Vitaly Mutko attends meeting to endorse Gianni Infantino's re-election bid as Fifa president despite lifetime IOC ban
The former Russian minister of sport was sanctioned in 2017 as a result of the country's doping scandal
Russian Deputy Prime Minister Vitaly Mutko, who was banned from the Olympics for life over his country's doping scandals, appears to have returned to a senior role in Russian football.
Mutko said late last year he would step aside temporarily as Russian Football Union president after the International Olympic Committee imposed the ban.
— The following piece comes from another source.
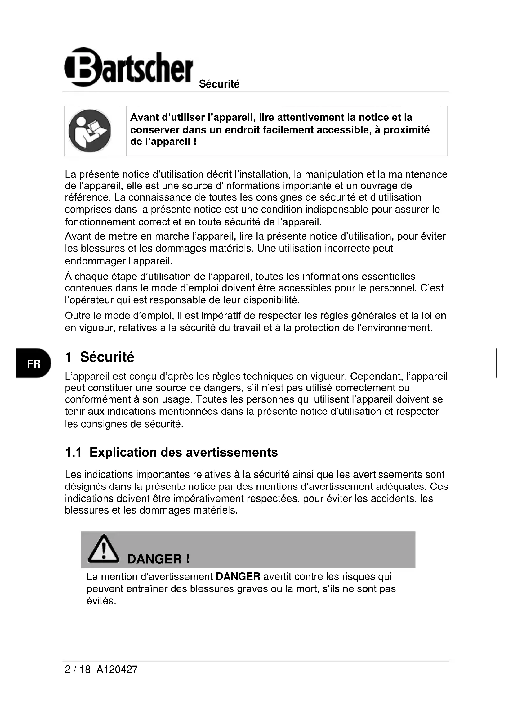 DANGER ! La mention d’avertissement DANGER avertit contre les risques qui peuvent entraîner des blessures graves ou la mort, s’ils ne sont pas évités.Sécurité A120427 3 / 18

Fifa welcomed that decision ahead of Russia hosting the World Cup this year.
But the RFU says Mutko, who is still formally considered president, took part in a meeting on Wednesday to back Gianni Infantino's re-election bid next year as president of Fifa. The RFU didn't immediately respond to a question on clarifying Mutko's status.
Even after formally stepping aside, Mutko remained closely linked with Russian football and attended Russia national team training during the World Cup.
Mutko has always denied that the Russian doping system overseen by Dr Grigory Rodchenkov – the head of the country’s anti-doping lab until his defection to the United States in 2016 – for more than 10 years had state knowledge and approval, despite the scientist’s claims that the then minister of sport was aware of and endorsed the programme.
“Show me one state doping programme with my signature,” Mutko said in an interview with The Independent in December 2017, before referring to Rodchenkov’s claim that he ate the minister’s grapes during meetings in his office: “Let me see the evidence – and something more substantial than eating imaginary grapes.”
Mutko added that while there were cases of doping in Russian sport, they were no more common than in other countries and claimed that the IOC’s decision to remove the country’s team from the 2018 Winter Olympics was proof that “geopolitics had overtaken common sense”.